Legal Approach in International Relations

However, this mitigation obligation suffers from considerable vagueness, as there are reasonable differences of opinion on how best to enhance the legitimacy of the existing international legal order. As a remedy, Dworkin invokes a second fundamental obligation of states, the principle of salienence: international jurists, for their part, have opened up to empirical, sociological and political approaches in order to understand how norms arise and how actors exercise normative authority. This goes beyond the exclusive understanding of international law as a coherent legal system with recognized sources of law and specific techniques of legal practice. International lawyers are increasingly adopting a more pluralistic and holistic view, understanding international law as a social process. This social process leads to normative regulations that act as standards of conduct to guide and evaluate the behavior of international actors. The fact that the individual has achieved such an important role in international law as a central subject beyond the borders of States is truly remarkable. Today, every individual has rights that permeate the international and are fundamentally enshrined in a global, albeit imperfect, law that permeates every one of our lives. This law is not static, but is constantly evolving. It must be made effective, challenged, defended and reformulated in order to realize its emancipatory potential.

But Hart rejected the possibility that consent or pacta sunt servanda can fulfill such a function: saying that “international law is what states have accepted” or “international obligations must be fulfilled” cannot be a rule of recognition. Second, there are normative questions about the legitimate objectives that international law – or its areas such as international human rights law, international environmental law and international criminal law – should promote and the means by which it can do so appropriately, and, in this context, how to assess the legitimacy of international law. A recurring question is to what extent ethical and political norms for assessing national law – such as democracy, the rule of law, and even legitimacy itself – apply to international law (an important theme in Buchanan`s work, for example, Buchanan 2013). Because of the long period of philosophical neglect of international law, we are still at an early stage in the formation of an adequate image of political morality adapted to its particular nature and role. These issues are mainly addressed in sections 4, 5 and 6 of this article. These normative concerns become more acute in the case of a full-fledged world government. Kant came to a famous and sobering conclusion in Perpetual Peace about the prospect that international organizations could evolve into such a world government: as Crawford shows, existing international law generally struggles to accommodate each of these wishes; at best, only certain “enclaves” of international law can do so (Crawford 2014:367). Lesbian, gay, bisexual, and transgender/transgender (LGBT) law theory is a critical school of thinking that evolves as gaps in international law regarding the integration of queer theory into international law theory are recognized. While human rights conventions have recently begun to become mainstream in terms of equality and its addressees, in the past all discussions on sexual orientation and gender identity have remained largely intact.

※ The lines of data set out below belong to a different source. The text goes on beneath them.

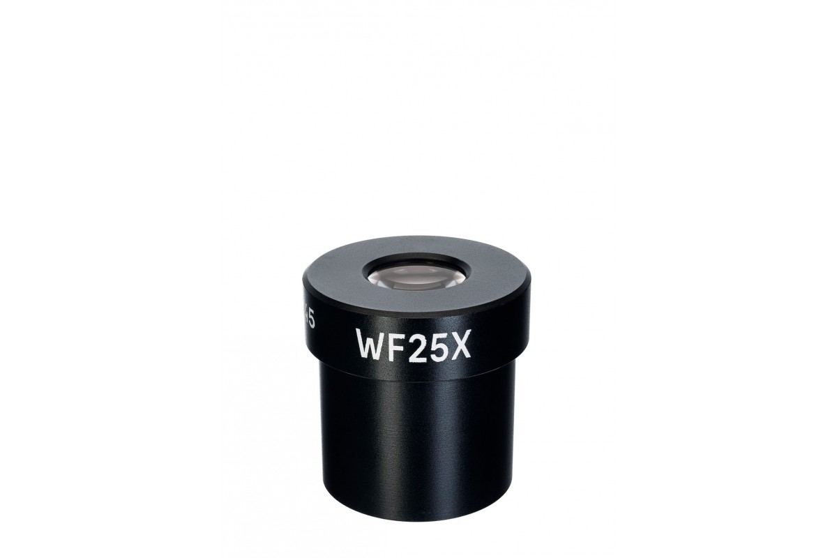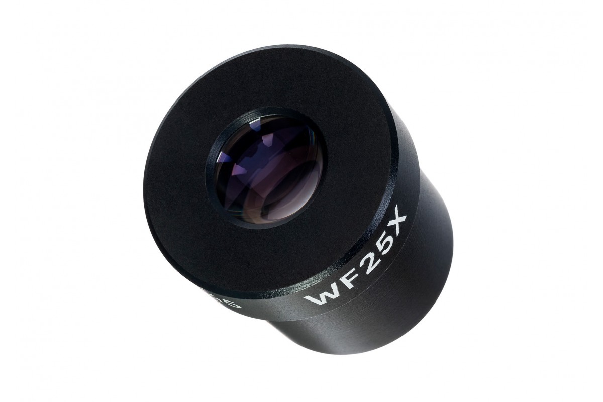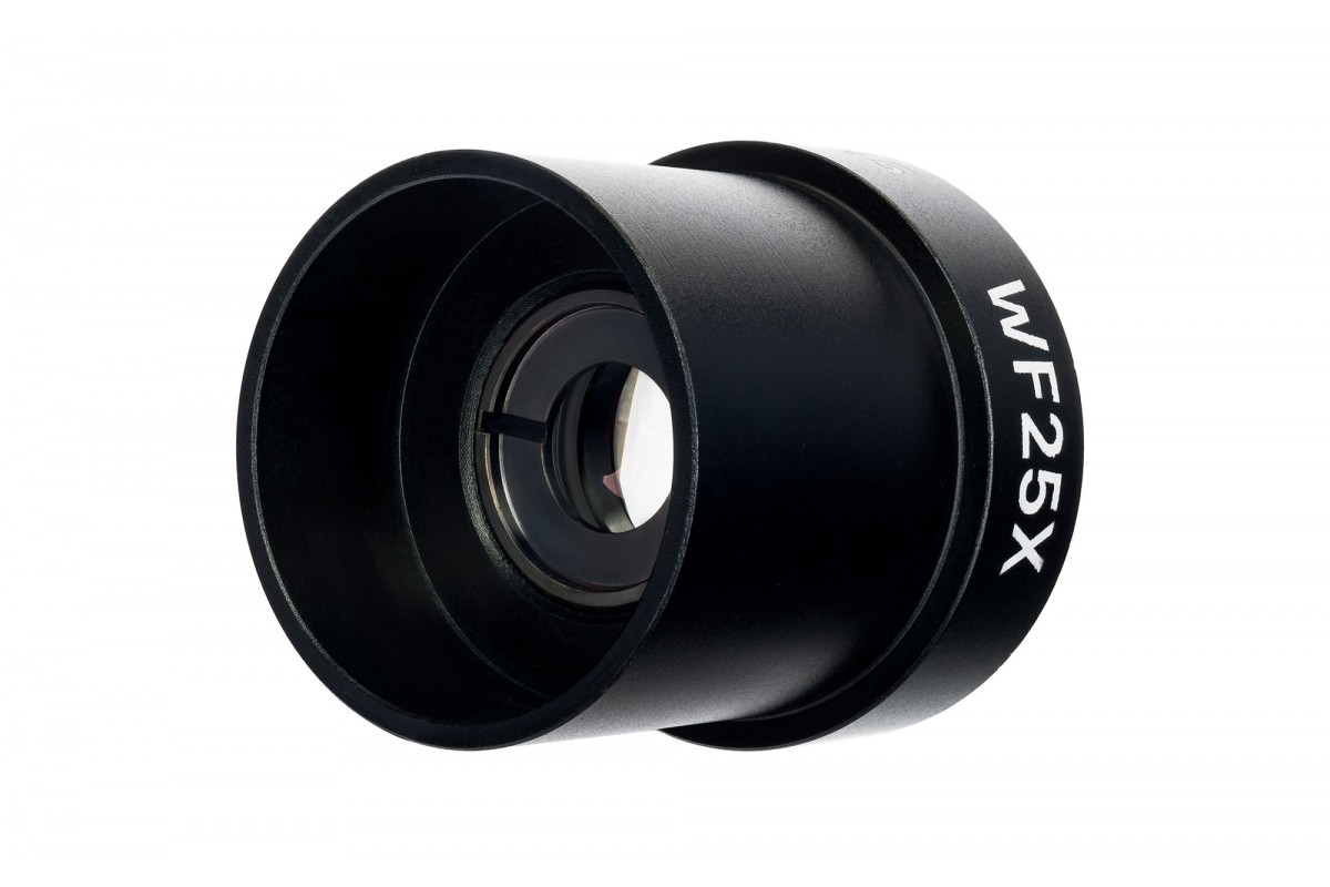 Окуляр для стереомикроскопа SE25 обладает кратностью 25х и устанавливается в окулярную трубку на 30 мм. Устройство не имеет механизма подстройки под миопию или гиперметропию глаз пользователя, поэтому комфортно работать с этим окуляром смогут исследователи с одинаковым зрением на разных глазах. Если корректировка диоптрий необходима, используйте настройку на окулярном тубусе микроскопа (при ее наличии).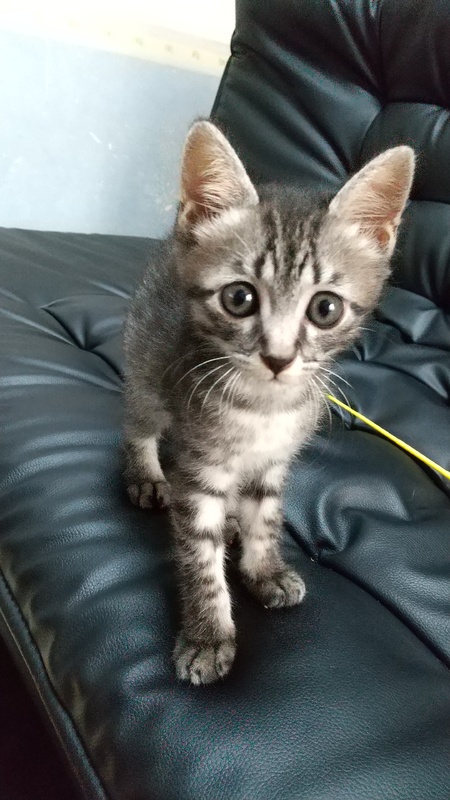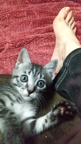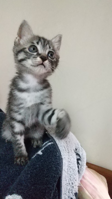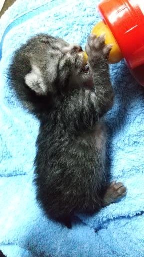 | 特徴(性格など) | とにかく元気で慎重でツンデレな猫らしい性格です。 まだ2か月にもなっていないのに飛びます。 へその緒がついているときから人間に育てられ、人なれ場所なれをしていると思います。 はじめはネズミに浅利が引っ付いているみたいな姿でしたが、どんどんかわいくなり毛色も 日に日に柄がはっきりしてきています。 最近少しグレーがかってきました。 ミルクのときから形のあるウンチをして、病院で褒められる胃腸の丈夫な仔です。 |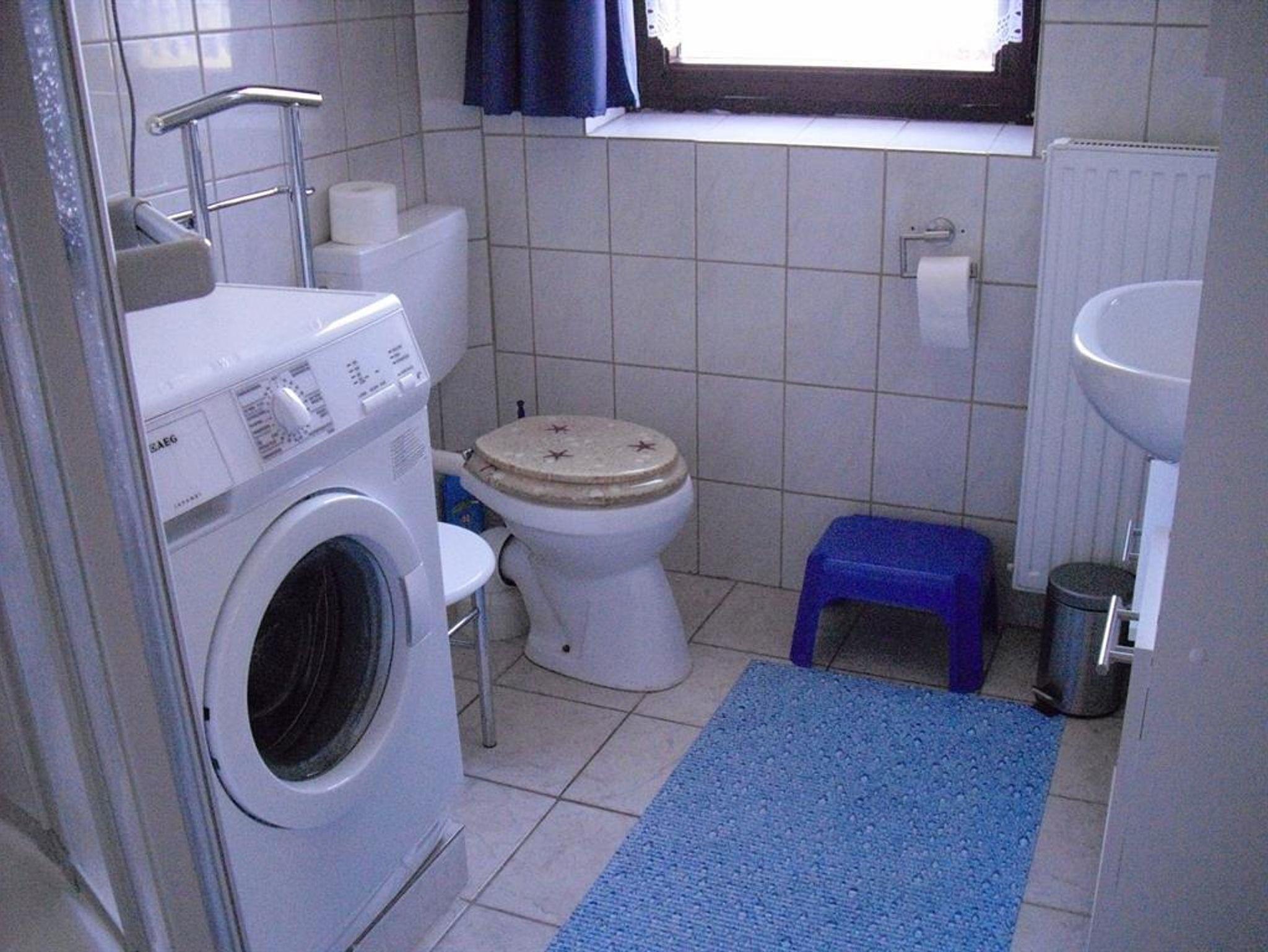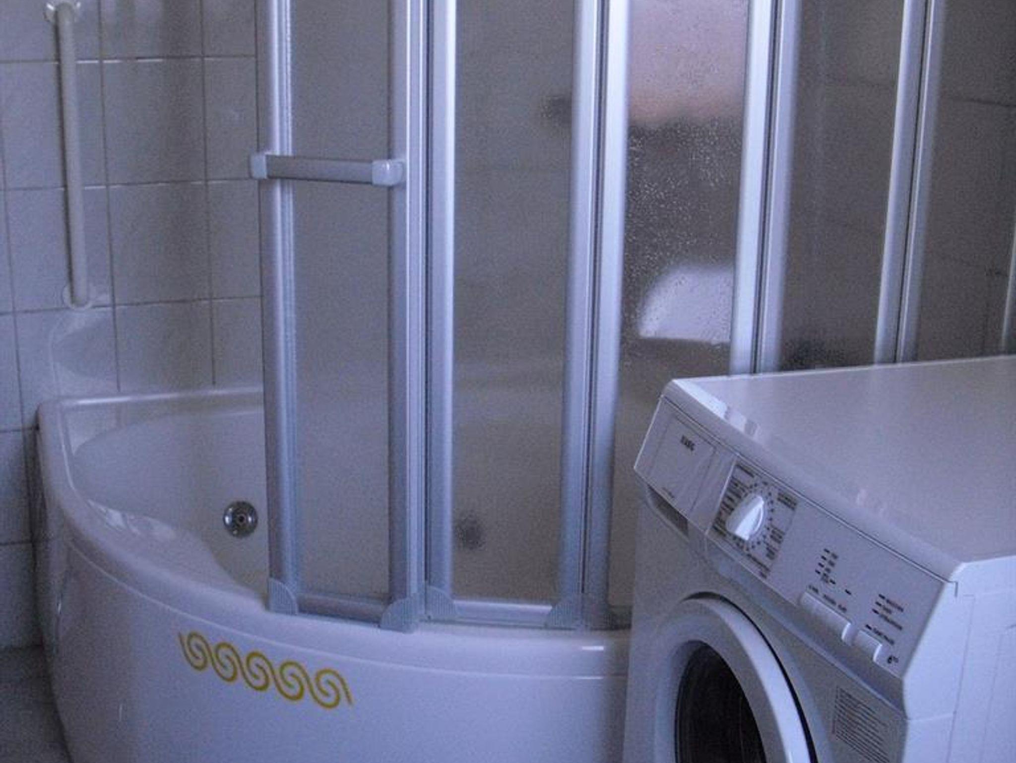 1x Badezimmer mit Duschwanne, WC und Waschmaschine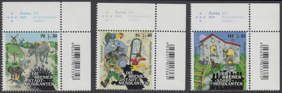 BUND 2017 Michel-Nummer 3282-3284 postfrisch SATZ(3) EINZELMARKEN ECKRÄNDER oben rechts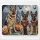 Libere o espírito assustador com esta design sombria do Dia das Bruxas apresentando um bando de cachorros sob um céu escuro e iluminado, cercado por morcegos voadores e abóboras brilhantes. Perfeito para aqueles que amam um toque de diversão terrível com seus amigos peludos!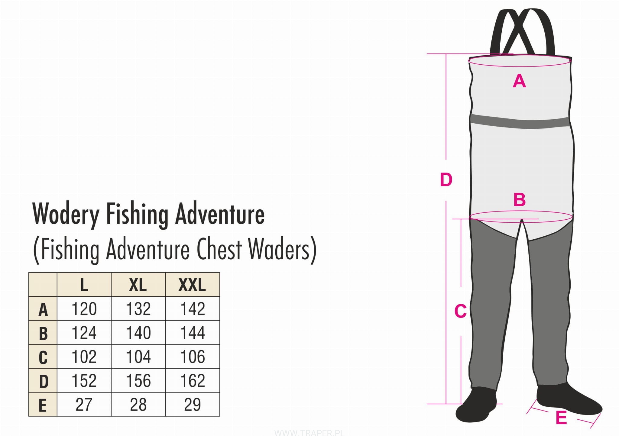 TRAPER ŚPIOCHY DO BRODZENIA ZE SKARPETĄ FISHING ADVENTURE - XXL WODERY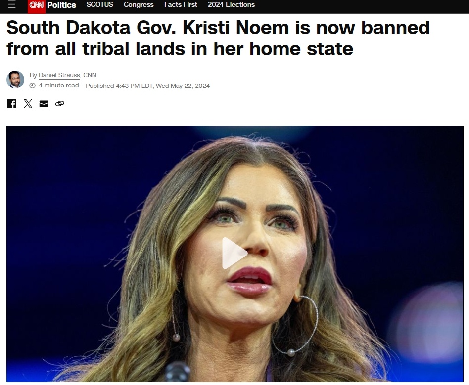 由于不滿諾姆屢次發(fā)表歧視性言論,南達科他州全部9個印第安人保留地先后投票表決,宣布“驅逐”這名女政客。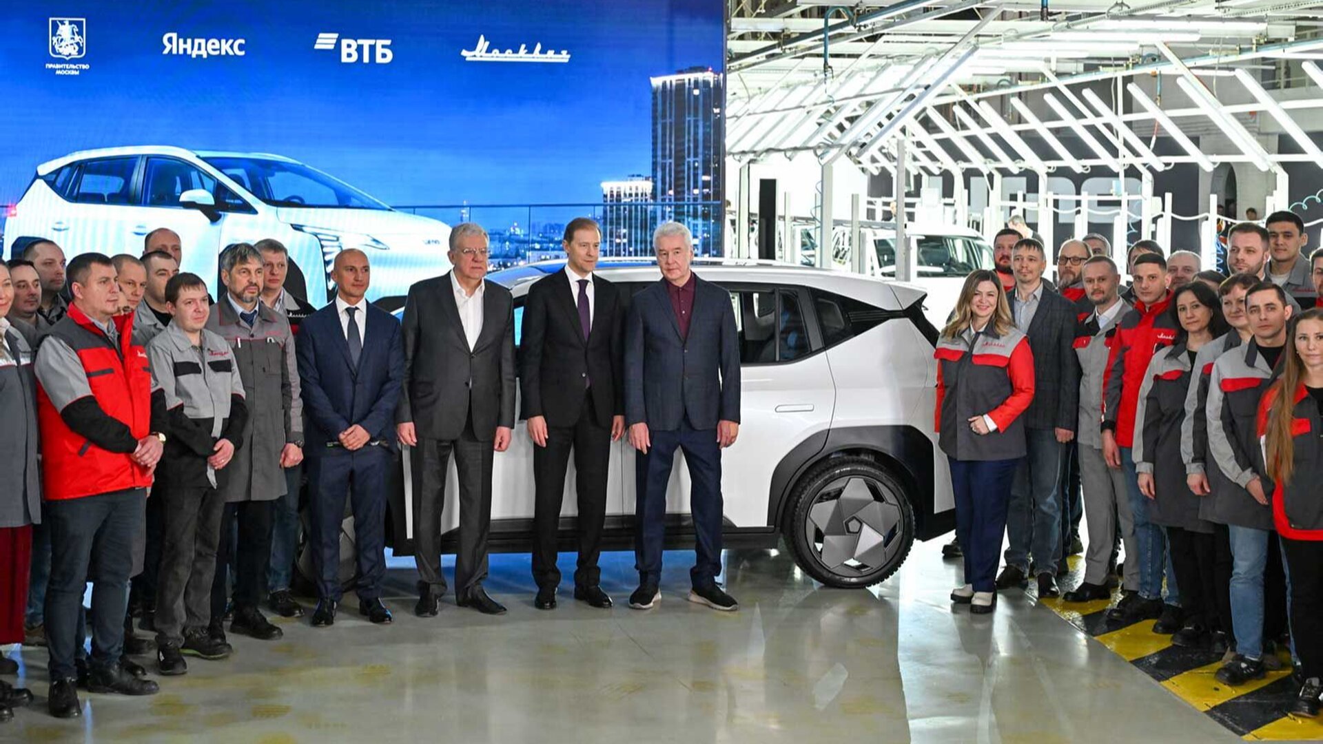 На заводе «Москвич» открыли производство новой модели электромобиля — UMO. В церемонии запуска участвовали первый вице-премьер Денис Мантуров, мэр Москвы Сергей Собянин и советник «Яндекса» Алексей Кудрин.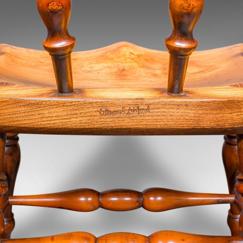 This is a fine vintage smoker’s bow chair. An English, ash captain's elbow seat, dating to the late 20th century, circa 1980. A high-quality Victorian revival piece by renowned craftsman Stewart Linford, it presents superb traditional form, excellent comfort, and rich natural colour.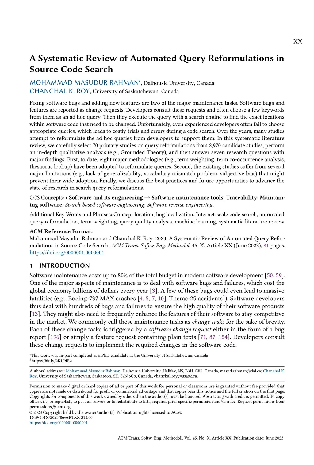 Fixing software bugs and adding new features are two of the major maintenance tasks. Software bugs and features are reported as change requests. Developers consult these requests and often choose a few keywords from them as an ad hoc query. Then they execute the query with a search engine to find the exact locations within software code that need to be changed. Unfortunately, even experienced developers often fail to choose appropriate queries, which leads to costly trials and errors during a code search. Over the years, many studies attempt to reformulate the ad hoc queries from developers to support them. In this systematic literature review, we carefully select 70 primary studies on query reformulations from 2,970 candidate studies, perform an in-depth qualitative analysis (e.g., Grounded Theory), and then answer seven research questions with major findings. First, to date, eight major methodologies (e.g., term weighting, term co-occurrence analysis, thesaurus lookup) have been adopted to reformulate queries. Second, the existing studies suffer from several major limitations (e.g., lack of generalizability, vocabulary mismatch problem, subjective bias) that might prevent their wide adoption. Finally, we discuss the best practices and future opportunities to advance the state of research in search query reformulations.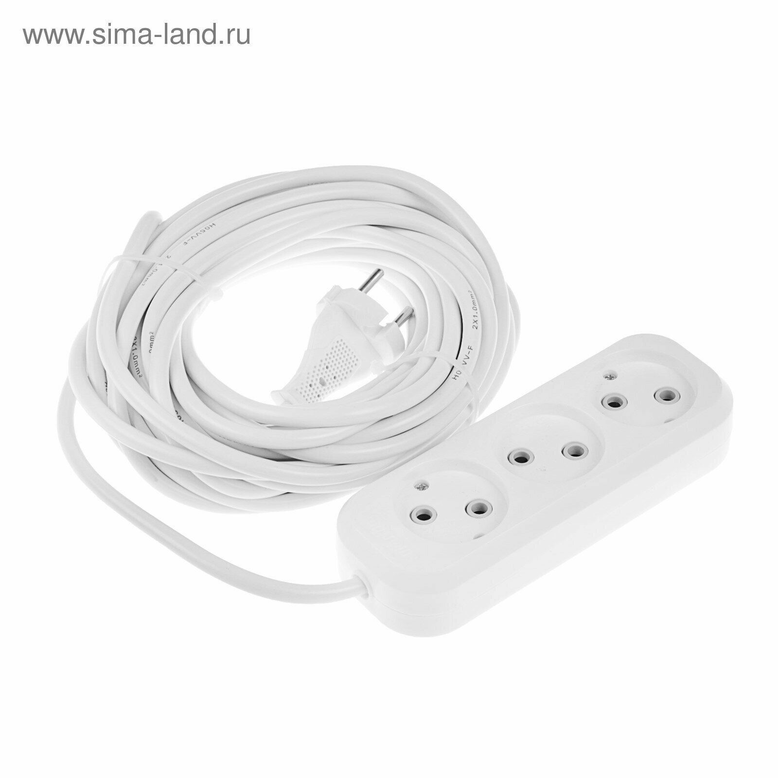 Удлинитель 3 розетки, 5 м, 6 А, 1300 Вт, ШВВП 2х0.5 мм2, без з/к, белый 5350219

The LGBT International Law Theory movement focuses on inclusion and awareness of LGBT rights (and the protection of individuals) as well as the integration of queer theory into the field of international law. Some approaches focus on the issue of compliance: why do states follow international standards when there is no coercive power to ensure compliance? Other approaches focus on the problem of international rule-making: why do states voluntarily adopt international legal norms that restrict their freedom of action in the absence of global legislation. Other perspectives are policy-oriented; They develop theoretical frameworks and instruments to criticize existing rules and make suggestions for improving them. Some of these approaches are based on national legal theory, others are interdisciplinary, while others have been developed specifically to analyze international law. But assuming that a right to govern is a claim presumably attributable to international law and international institutions, how can we determine whether it is ever justified? The issue is exacerbated by the fact that, in recent decades, international law has increasingly imposed a broader right of sovereignty, encroaching on areas previously considered to be the power of the State, including the fundamental rights of its own citizens, economic and environmental policies, and the provision of vital goods such as education and health care.